Fireworks AI on Bifrost: Models, Endpoints, Streaming, and API Reference

Fireworks AI provider summary

Fireworks AI provides OpenAI-compatible inference with native Responses API support in Bifrost. The provider specializes in fast, low-latency serving of open models like Llama and Mixtral with full streaming support.

Common Fireworks models used in Bifrost routes:

llama-v3p1-405b-instruct (Latest Llama)
llama-v3p1-70b-instruct (High perf)
mixtral-8x22b-instruct (MoE)

Property	Details
Description	OpenAI-compatible inference provider with native Responses API support.
Provider route on Bifrost	fireworks/<model>
Provider doc	Fireworks API Docs
API endpoint for provider	https://api.fireworks.ai
Supported endpoints	/v1/chat/completions, /v1/completions, /v1/embeddings, /v1/responses

Supported operations

Fireworks supports 4 major operations across chat, text completions, embeddings, and responses API. Chat completions, text completions, and responses API all support full streaming.

Operation	Non-streaming	Streaming	Upstream endpoint
Chat Completions	Yes	Yes	/v1/chat/completions
Responses API	Yes	Yes	/v1/responses
Text Completions	Yes	Yes	/v1/completions
Embeddings	Yes	No	/v1/embeddings
List Models	Yes	No	/v1/models

Parameter handling

Fireworks natively supports the Responses API with field preservation for previous_response_id, max_tool_calls, and store.

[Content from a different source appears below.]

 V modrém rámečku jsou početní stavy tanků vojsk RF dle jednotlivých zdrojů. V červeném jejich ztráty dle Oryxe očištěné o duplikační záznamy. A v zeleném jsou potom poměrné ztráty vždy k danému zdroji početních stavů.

OpenAI parameters convert with special handling for prompt caching via prompt_cache_isolation_key.

Native Responses API support:

Fireworks natively supports Responses in Bifrost
Fields like previous_response_id and max_tool_calls are preserved

Prompt caching:

OpenAI's prompt_cache_key converts to Fireworks' prompt_cache_isolation_key
Applied to both chat and completion requests

Supported Fireworks parameters

Quick reference of OpenAI-compatible parameters accepted when routing through Bifrost to Fireworks.

[
  "stream",
  "temperature",
  "top_p",
  "top_k",
  "max_tokens",
  "stop",
  "presence_penalty",
  "frequency_penalty",
  "seed",
  "response_format",
  "tools",
  "tool_choice"
]

Supported Fireworks models

Use the provider prefix fireworks/ in Bifrost model routes for deterministic provider targeting.

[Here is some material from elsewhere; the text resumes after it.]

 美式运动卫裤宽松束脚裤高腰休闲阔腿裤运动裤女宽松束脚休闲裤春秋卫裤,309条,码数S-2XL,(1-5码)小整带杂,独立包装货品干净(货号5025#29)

Family	Model ID	Bifrost route	Typical usage
Llama 3.1 405B	accounts/fireworks/models/llama-v3p1-405b-instruct	fireworks/accounts/fireworks/models/llama-v3p1-405b-instruct	Flagship open model
Llama 3.1 70B	accounts/fireworks/models/llama-v3p1-70b-instruct	fireworks/accounts/fireworks/models/llama-v3p1-70b-instruct	High performance
Mixtral 8x22B	accounts/fireworks/models/mixtral-8x22b-instruct	fireworks/accounts/fireworks/models/mixtral-8x22b-instruct	Mixture of experts
Phi 3 Medium	accounts/fireworks/models/phi-3-medium-4k-instruct	fireworks/accounts/fireworks/models/phi-3-medium-4k-instruct	Efficient model

API reference by operation

Gateway paths and Fireworks upstream endpoints.

1) Chat Completions

Primary request path. Maps to upstream /v1/chat/completions. Fully compatible with OpenAI request format.

curl -X POST http://localhost:8080/v1/chat/completions \
  -H "Content-Type: application/json" \
  -d '{
    "model": "fireworks/accounts/fireworks/models/llama-v3p1-405b-instruct",
    "messages": [{"role": "user", "content": "Hello"}]
  }'

2) Responses API

Native Responses API support. Maps to upstream /v1/responses endpoint with field preservation.

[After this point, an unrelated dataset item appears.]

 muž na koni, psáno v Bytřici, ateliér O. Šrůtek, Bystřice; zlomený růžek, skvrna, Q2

curl -X POST http://localhost:8080/v1/responses \
  -H "Content-Type: application/json" \
  -d '{
    "model": "fireworks/accounts/fireworks/models/llama-v3p1-405b-instruct",
    "messages": [{"role": "user", "content": "Hello"}],
    "store": true
    "max_tool_calls": 2
  }'

3) Text Completions

Legacy completions endpoint. Maps to upstream /v1/completions. Supports streaming.

curl -X POST http://localhost:8080/v1/completions \
  -H "Content-Type: application/json" \
  -d '{
    "model": "fireworks/accounts/fireworks/models/llama-v3p1-70b-instruct",
    "prompt": "Hello, my name is",
    "max_tokens": 50
  }'

4) Embeddings

Vector embeddings via Fireworks. Maps to upstream /v1/embeddings. Does not support streaming.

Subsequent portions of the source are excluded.